On the contrary, the ecology of the Els Trocs Cave is an upland one and here we find true colonisation. “The cave was first occupied during the Neolithic by populations that were already consolidated and which exploited the environment in a relatively developed manner, practising transhumance and only living there in the spring. This is why 80 to 90 per cent of the 23,000 bones that have been found are of sheep and goats”, the research director summarises.


Since 2009 Els Trocs has been excavated for five seasons with the participation not only of researchers from the University of Valladolid, but also of specialists from the Universidad Autónoma de Madrid and the University of the Basque Country, technicians from the Regional Government of Aragon, and other collaborators such as professional archaeologists and PhD students.

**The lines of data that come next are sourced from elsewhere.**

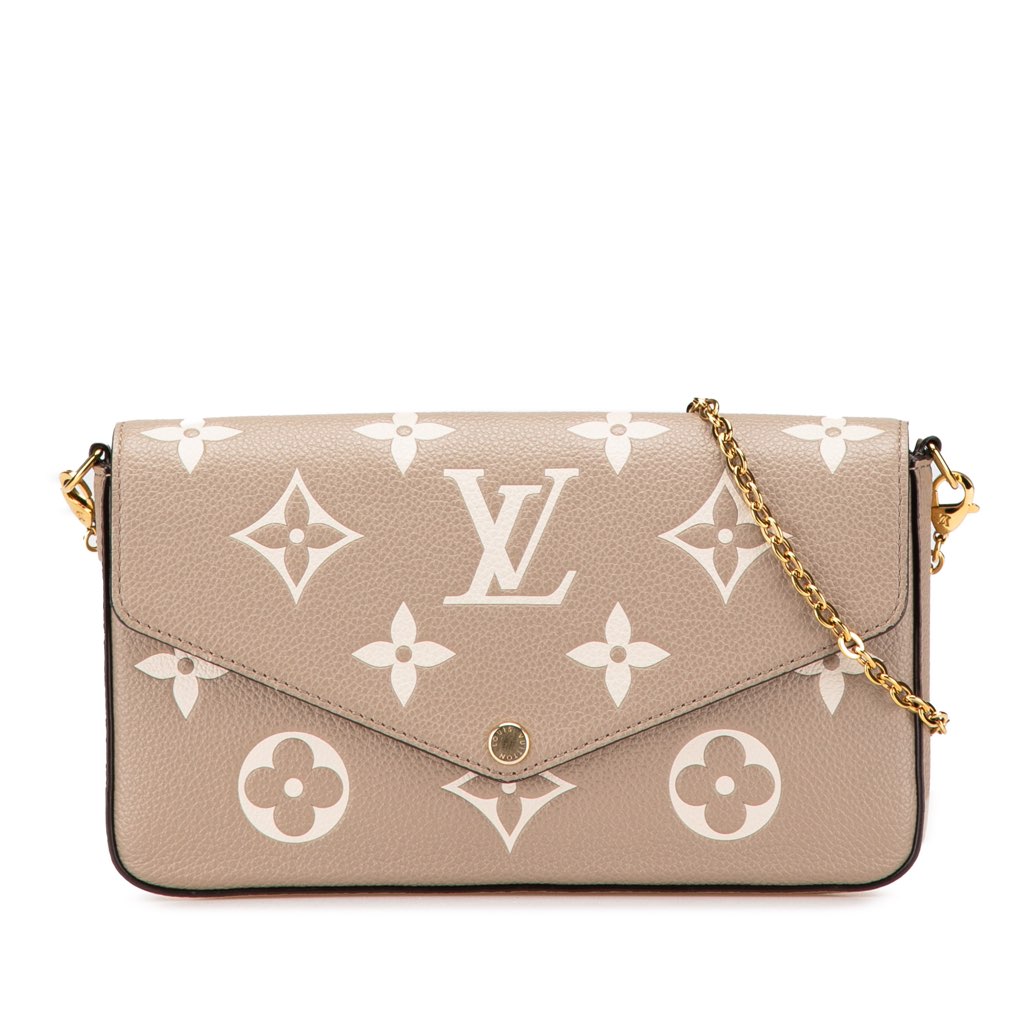 The Pochette Felicie features a monogram empreinte leather body, a detachable chain link shoulder strap, a top flap with a snap button closure, and an interior zip and slip pouches.
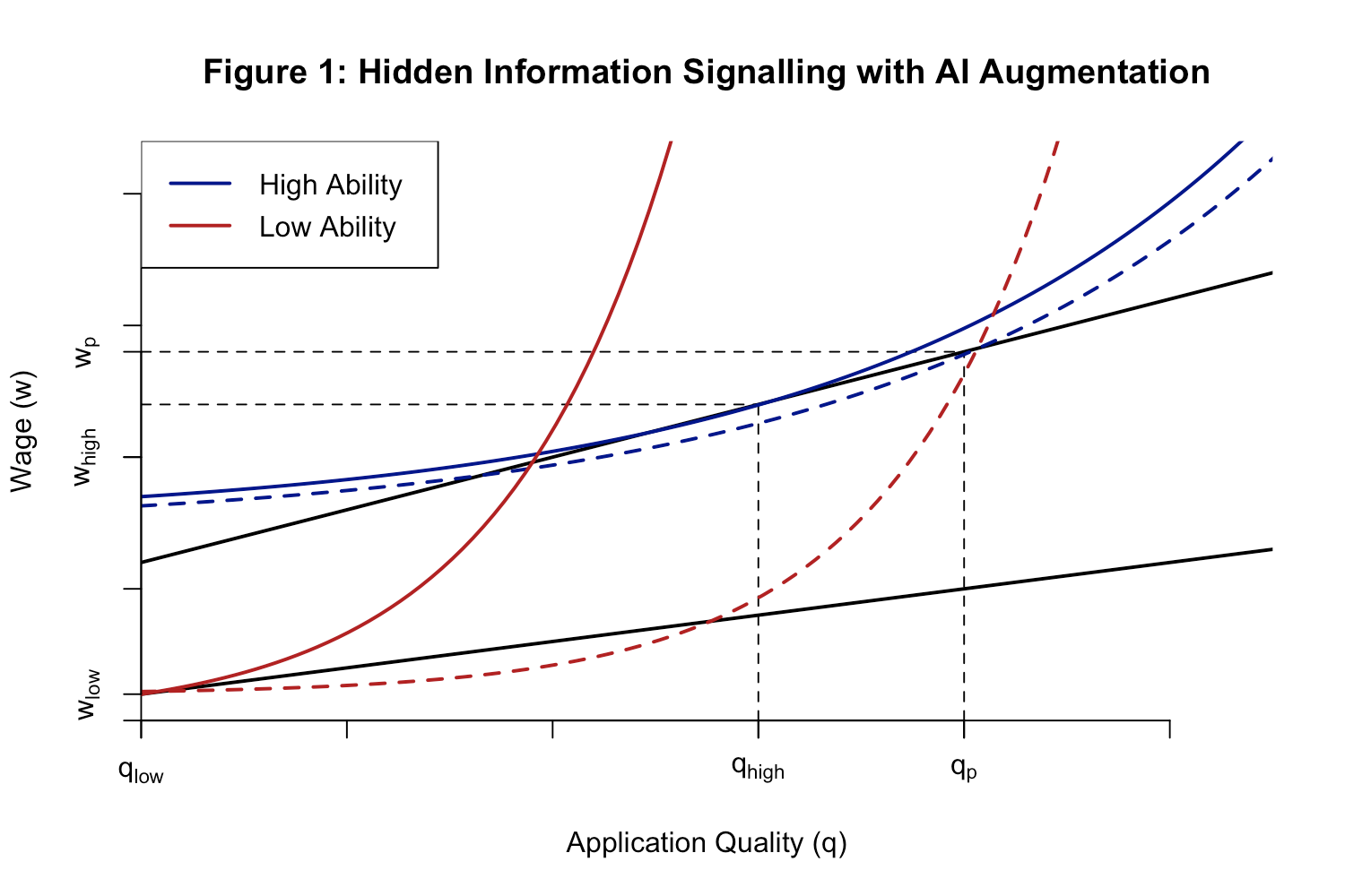 Figure 1: The diagram illustrates a signalling model with asymmetric information, showing how AI augmentation reduces the cost of application material for low-ability workers, thereby shifting the labour market from a separating to a pooling equilibrium in the wage–quality space.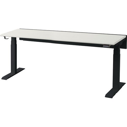間口(mm):1600 | 奥行(mm):700 | 高さ(mm):607ー1257 | 天板色:ホワイト | フレーム色:ブラック | 天板昇降範囲…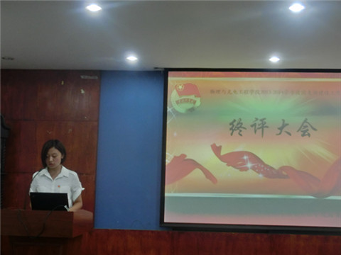 7月10日晚,物理与光电工程学院2013-2014学年度团支部建设终评大会于物理系楼322顺利进行。出席本次大会的嘉宾及评委有物理与光电工程学院团委书记佟西原老师、13级辅导员俞洲老师、学生会副主席兼团委宣传调研部部长孙雨周以及团委组织部部长崔佳琪。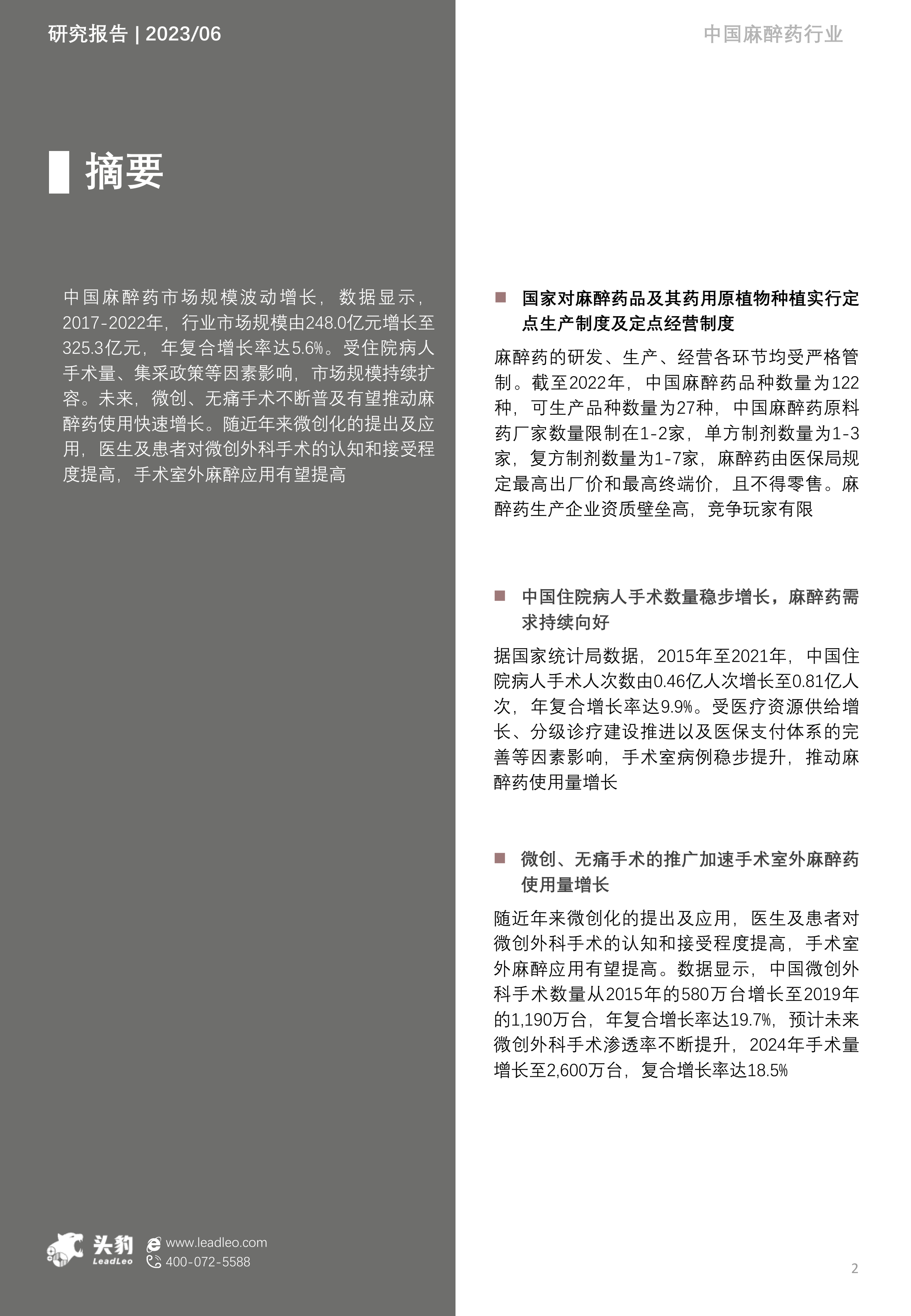 本报告基于头豹研究院对2023年中国麻醉药行业的分析,核心观点如下:

The excavations have been financed by the National Plan project and also by the German Foundation for Research, the Agriwestmed project financed by the European Research Council and led by the researcher Leonor Peña Chocarro of the Higher Council for Scientific Research (Consejo Superior de Investigaciones Científicas, CSIC), the Regional Government of Aragon, and the Arcadia Institute for Cultural Promotion directed by Manuel Rojo Guerra himself.


Paths of the Neolithic II


The project Paths of the Neolithic II: analysis and documentation will study and record all the material from the Els Trocs Cave. In addition to the huge number of sheep and goats, it has also been possible to extract well preserved nuclear DNA from the cave and some 50.000 fragments of ceramics. “When the first inhabitants reached this cold wet cave, they paved the whole of the floor with ceramics. This is why we are finding several superimposed layers of ceramics. We have calculated from the number of the fragments of decorated pieces that we will have to draw some 4,000 items”, the researcher declares.


The idea is therefore to use a different documentation system based on photogrammetry (a technique that allows the determining of the geometric properties of objects and spatial situations from photographs). Instead of drawing each item by hand therefore, the profile will be represented and the photograph will be superimposed in 3D. “This procedure is quicker and will reflect the volumes faithfully”, he concludes.